National Trust to end trail hunting on its land
THE National Trust, which has properties across the Westcountry, will no longer issue licences for trail hunting on its land, the charity’s board of trustees has announced.
The move comes after a senior huntsman was convicted of telling people to use the sport as a “smokescreen” for illegal fox hunting, and a vote by National Trust members to halt it on the charity’s land.
The activity, in which a scent is laid for hounds and the hunt to follow, has been suspended on Trust land since November, 2020, following a police investigation into webinars by huntspeople discussing the practice.
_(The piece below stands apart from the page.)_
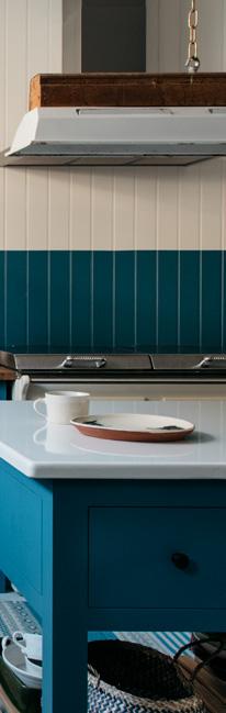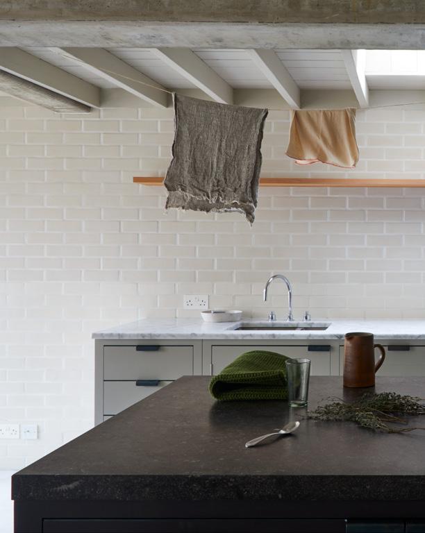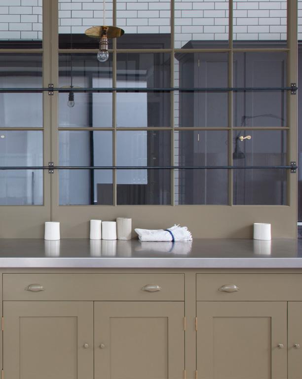 The cupboards were designed to allow access to the historic window casements and have painted back panels that look good when viewed from outside. The panelled walls are free of cupboards to preserve a sense of openness in the narrow space. A colour drench of army camp on both walls and joinery helps to unify the elements, broken only by the warmth of a simple copper backsplash.

Mark Hankinson, director of the Masters of Foxhounds Association, was in October found guilty at Westminster Magistrates’ Court of intentionally encouraging huntsmen to use legal trail hunting as “a sham and a fiction” for the unlawful chasing and killing of animals during the webinars.
The huntsman’s illicit advice was exposed after saboteurs leaked footage to police and the media of the online discussions.
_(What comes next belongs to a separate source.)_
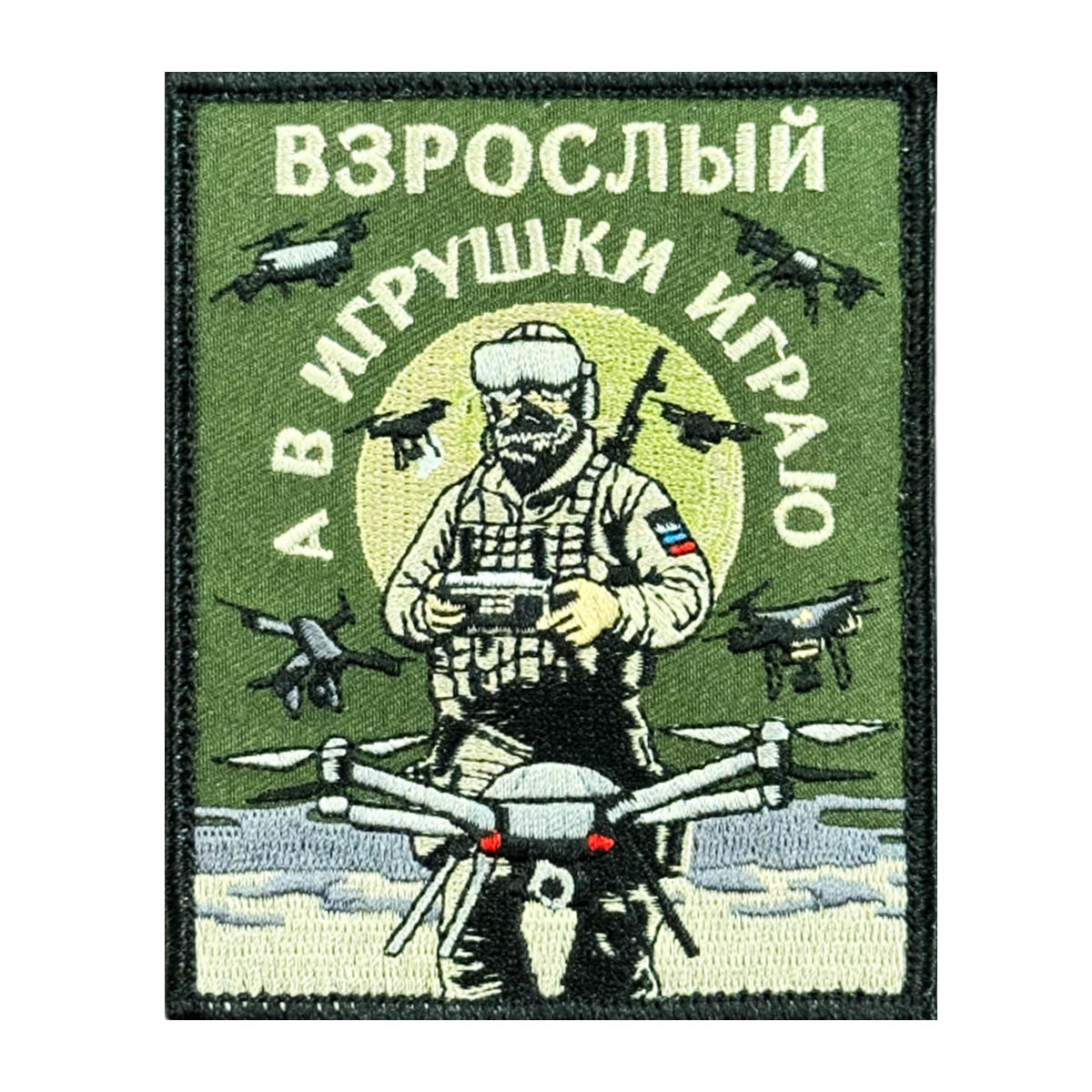 Купить шеврон на липучке "Взрослый, а в игрушки играю" можно в Военпро, с удобной доставкой по всей РФ

Following the conviction, National Trust members ahead of the charity’s annual general meeting voted by 76,816 to 38,184 in favour of banning trail hunting on its land.
Those who proposed the motion on the ban stated “overwhelming evidence leads to the conclusion that ‘trail hunting’ is a cover for hunting with dogs”.
Hunting wild mammals with dogs was banned in England and Wales by the Hunting Act of 2004.
Harry Bowell, National Trust director of land and nature, said: “The board of trustees has carefully considered this issue. Its decision to issue no further licences for trail hunting is based on a wide range of considerations.
“These include, but are not limited to, a loss of trust and confidence in the MFHA, which governs trail hunting, the vote by National Trust members at our recent AGM, the considerable resources needed to facilitate trail hunting, and the reputational risk of this activity continuing on our land.”
The National Trust, an organisation with nearly six million members, looks after hundreds of thousands of acres of countryside across England, Wales and Northern Ireland.
The League Against Cruel Sports said it would continue to lobby other major landowners such as Forestry England, the Church of England, United Utilities, Crown Estates, national parks authorities, local councils and the Ministry of Defence to follow the lead of the National Trust and Natural Resources Wales.
A spokesperson from the Hunting Office, responsible for the administration of hunting nationally, said the decision was “hugely disappointing” and added: “The board’s decision to prevent a lawful and legitimate activity comes as a result of an engineered campaign by opponents of trail hunting to bully landowners into stopping a lawful activity carried out by the rural community.”
Tim Bonner, chief executive of the Countryside Alliance, said: “The charity claims to be ‘for everyone, for ever’, but by prohibiting a legal activity it has decided it is actually just for those who its board approves of.”